Bermuda is faced with a shrinking tax base, stagnant economic growth and increased borrowing and deficit-spending to close our budget gaps. The rapid — and financially unsustainable — rate of growth in the Civil Service and an attendant increase in red tape both mitigate against private sector investment and new employment opportunities.

So we have no option but to reform and restructure the bureaucracy, to introduce the sort of efficiencies we are now free to choose and craft and shape for ourselves. For in the not too distant future they may well be imposed on us.

Outside lending agencies and regulatory institutions will inevitably balk at continuing to loan Bermuda money it can never hope to pay back without a comprehensive overhaul of its public sector and a renewed emphasis on facilitating private sector economic growth.

Continuing to deny that a crisis is pending will not make it go away.
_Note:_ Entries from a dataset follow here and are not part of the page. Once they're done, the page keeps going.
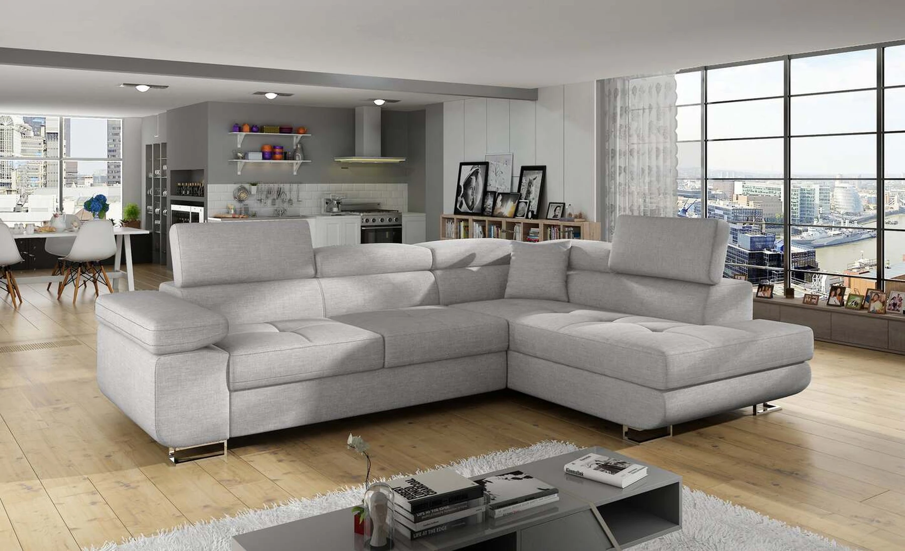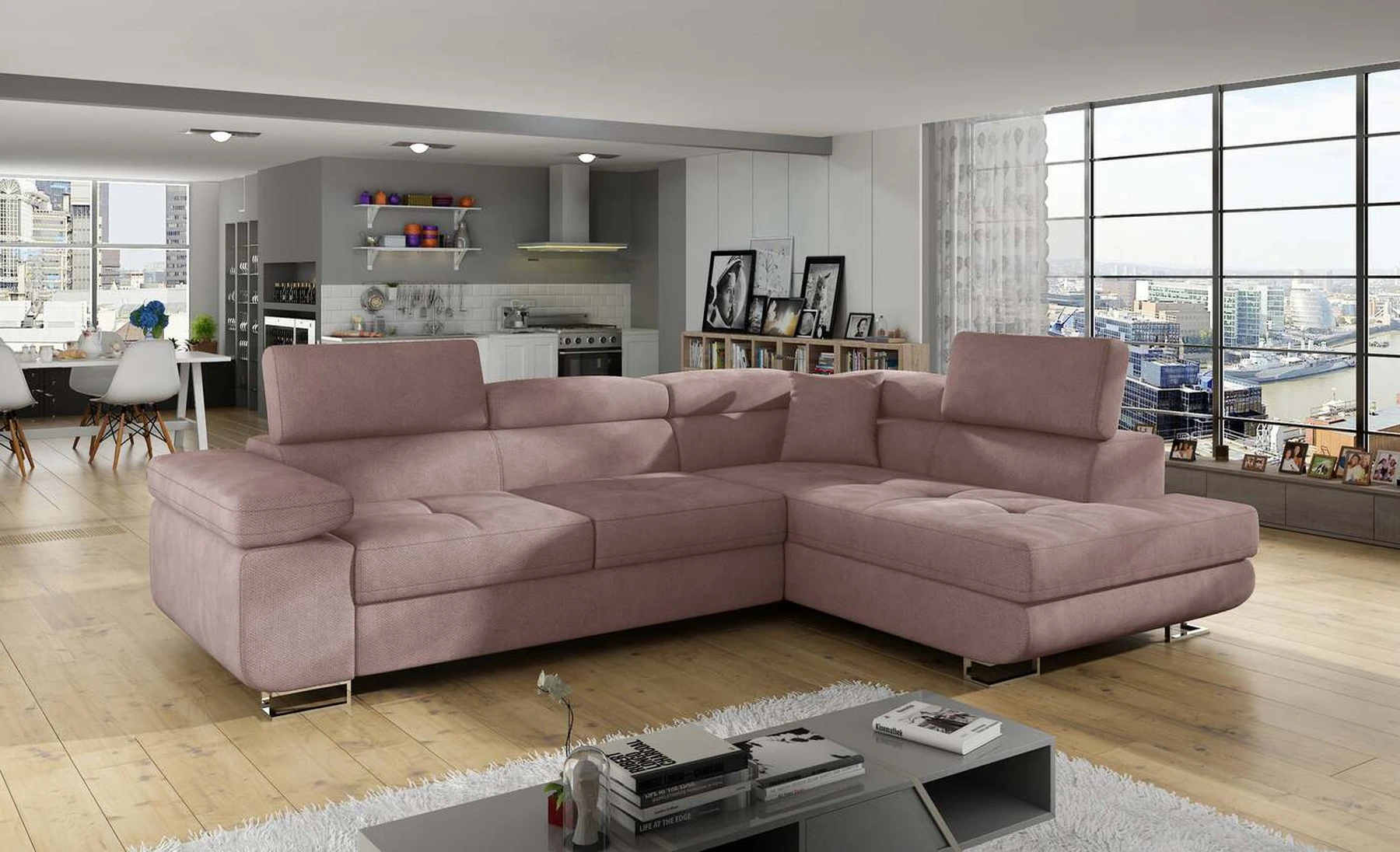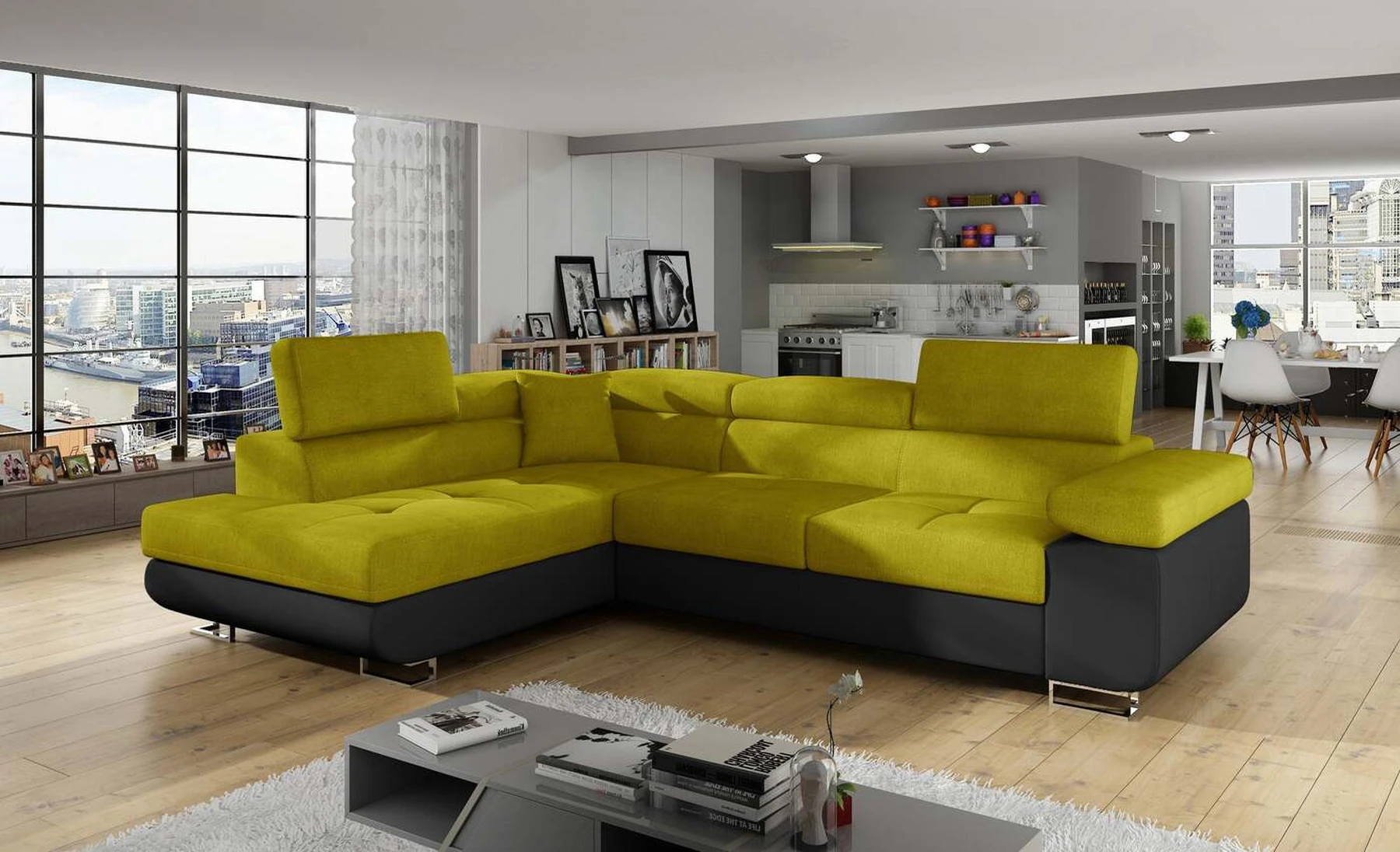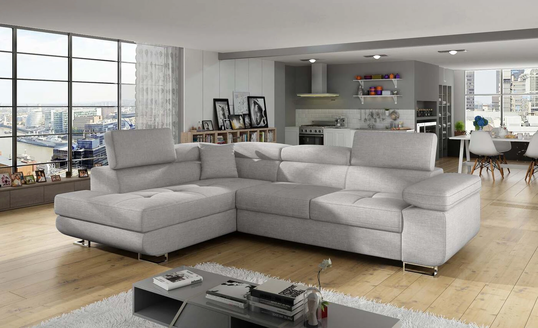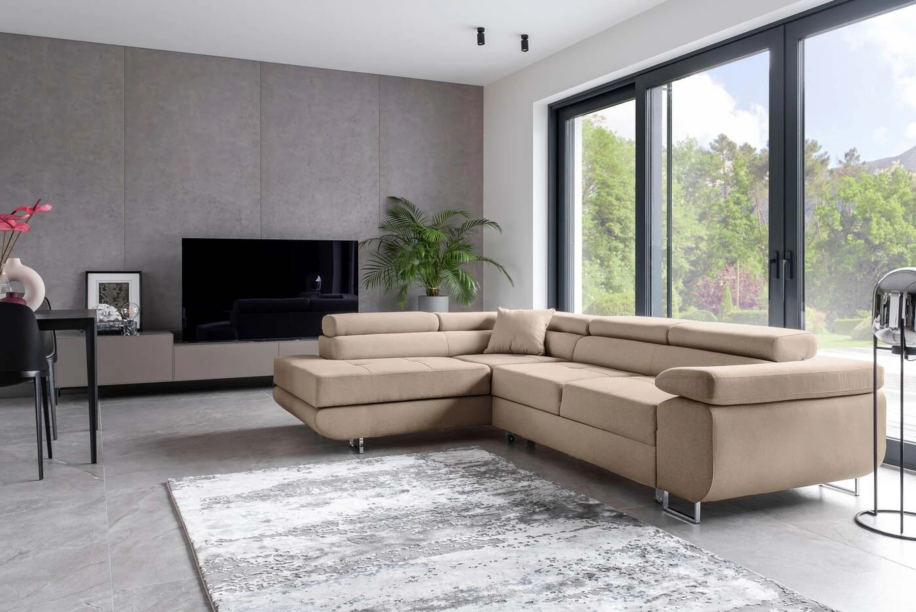 EL3550 yra daugiafunkcė ir erdvi kampinė sofa-lova, pagaminta modernaus stiliaus. Tai yra aukštos kokybės ir maksimalaus komforto sinonimas dėl plačios 60 cm gylio sėdynės ir itin elastingos T30 putos. EL3550, išmatavimai 275 x 202 x 90 cm su didele 125 x 193 cm miegamąja zona, reiškia gerai išsimiegoti. Balduose taip pat yra didelis skyrius patalynei. Didžiausią jaučiamo komforto efektą, be kita ko, įtakoja aukštos reguliuojamos galvos atramos, 28 centimetrų pločio porankiai, taip pat 9 cm aukščio metalinės kojos. Jei susidomėjote, ką dar siūlo EL3550 – raginame rinktis mūsų kampinę sofą-lovą.
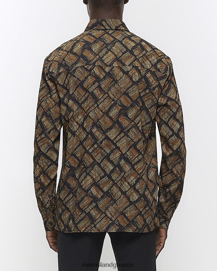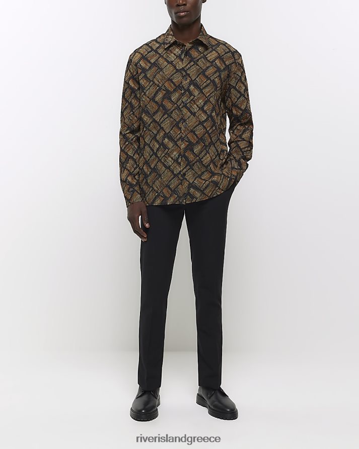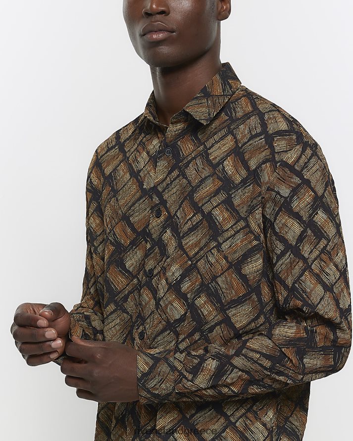 River Island ενδύματα καφέ άνδρες κανονική εφαρμογή πουκάμισο με υφή από τούβλα B6N8X5589
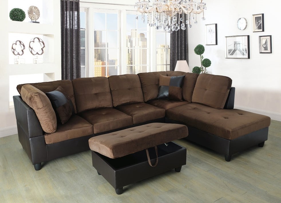 The beautiful  chocolate fabric sectional couch set come with chaise,ottoman,2 square pillows.suitable for any traditional and contemporary home in your living room, den or office. Designed with sturdy wood frame constructed, seat and back cushions filled with high density memory foam padding, and base covered in high quality textile brown velvet fabric. the sectionals are easy to assemble. offer customer maximum comfort no matter where you choose to sit.
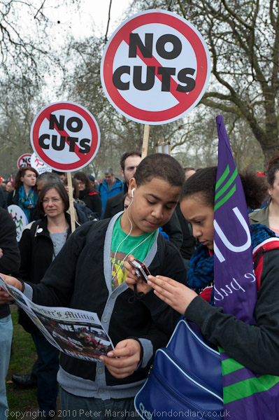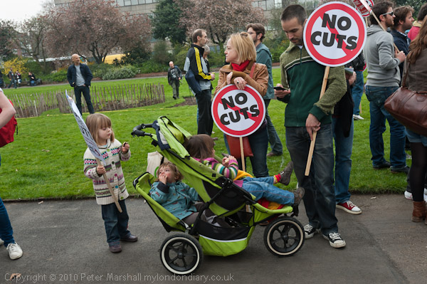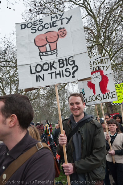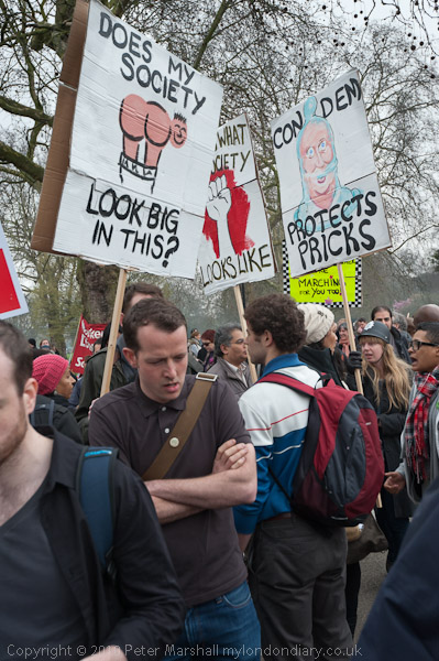 Some of the more provocative placards including 'Does My Society Look Big in This?' and 'Con Dem Protects Pricks'
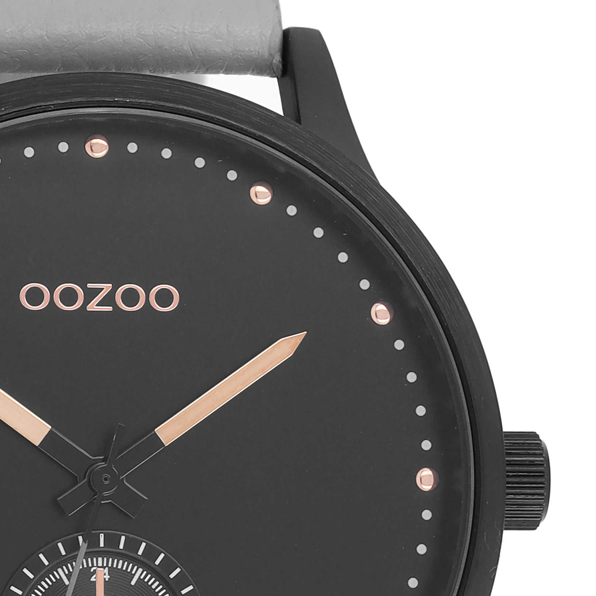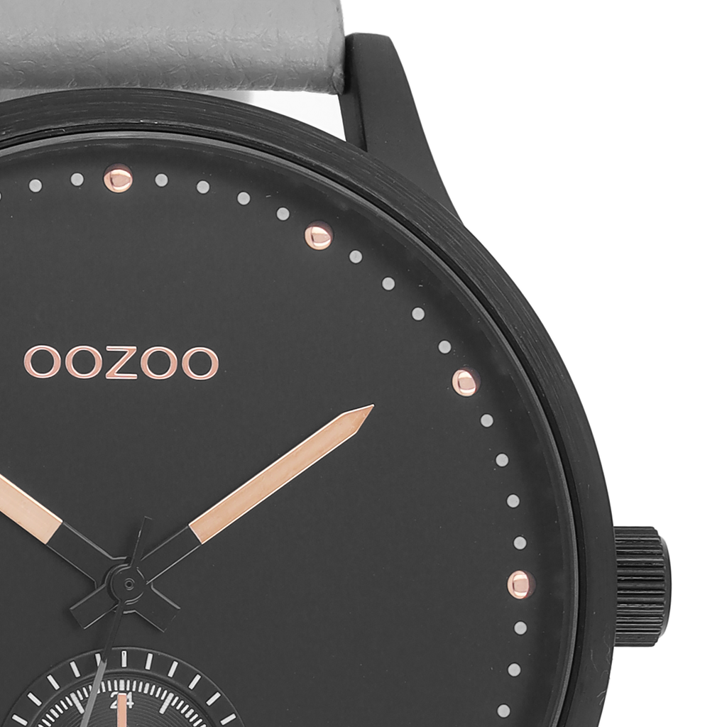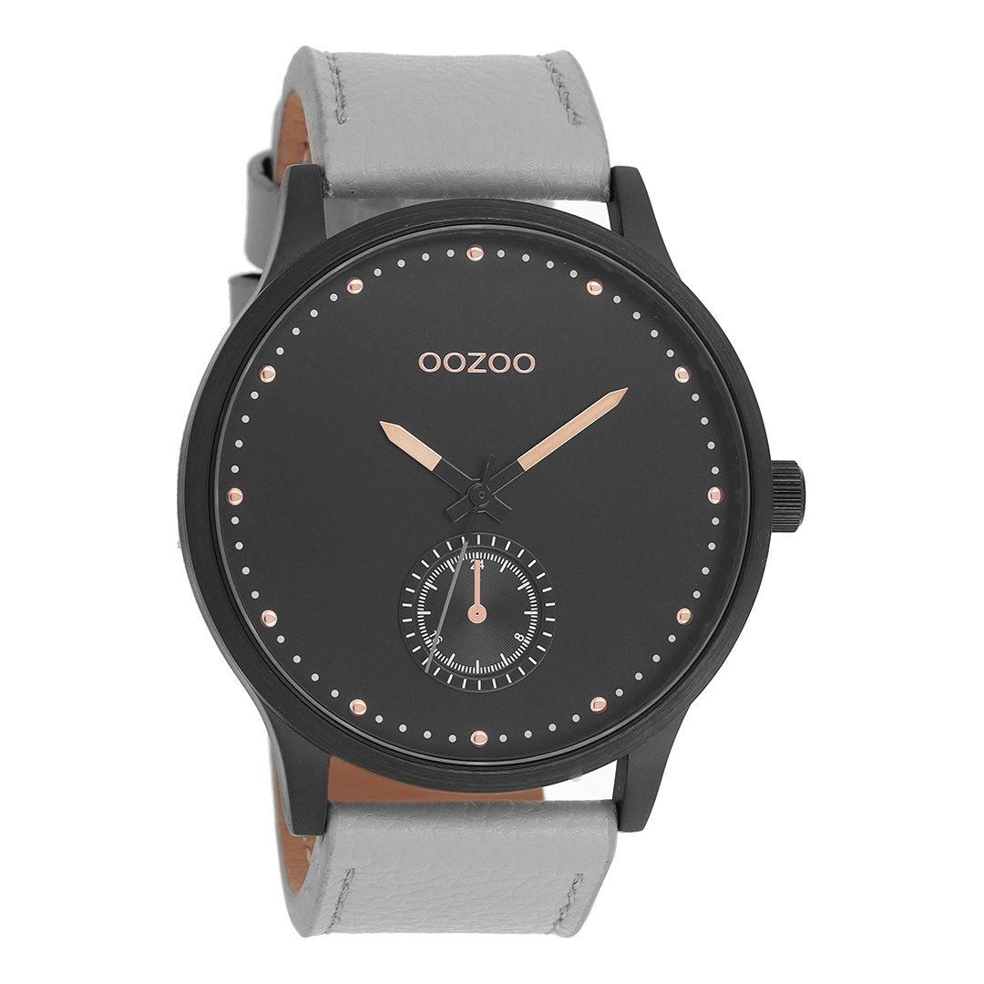 Stand out with this beautiful round gents design from the trendy OOZOO Timepieces collection. The C9006 has a stone grey leather strap and 48 mm black metal watch case. You are making quite the fashion statement with this black dial, rose gold coloured dots digits and rose gold coloured/black hands. This essential watch for your wardrobe has a mineral glass, stainless steel backplate and is nickel safe. This watch has a 2 Japanese movement and is covered by a 2 year warranty (see section 3 of our Refund, shipping & warranty policy).

Facts, as Aldous Huxley said, simply do not cease to exist because they are ignored.

Bermuda could do worse than to retrieve the Spending & Government Efficiency (Sage) commission’s recommendations from the unmarked grave where they were quickly consigned when it was clear a political backlash was brewing in the public sector.

Every practising politician interested in re-election is, of course, concerned with the possibility of alienating votes — particularly such a key bloc of votes as the Civil Service. And every civil servant is naturally concerned with keeping his or her job.

But the magnitude of the crisis we are facing demands courage and selflessness on the part of our politicians, realism and pragmatism on the part of our public sector unions and a degree of trust, cooperation and flexibility on both of their parts which Bermuda has not experienced in recent years.

Bermuda can be an island of “unlimited impossibilities” again — but the first impossible thing we must achieve, as a matter of urgency, is the building of confidence between Government and the white-collar unions.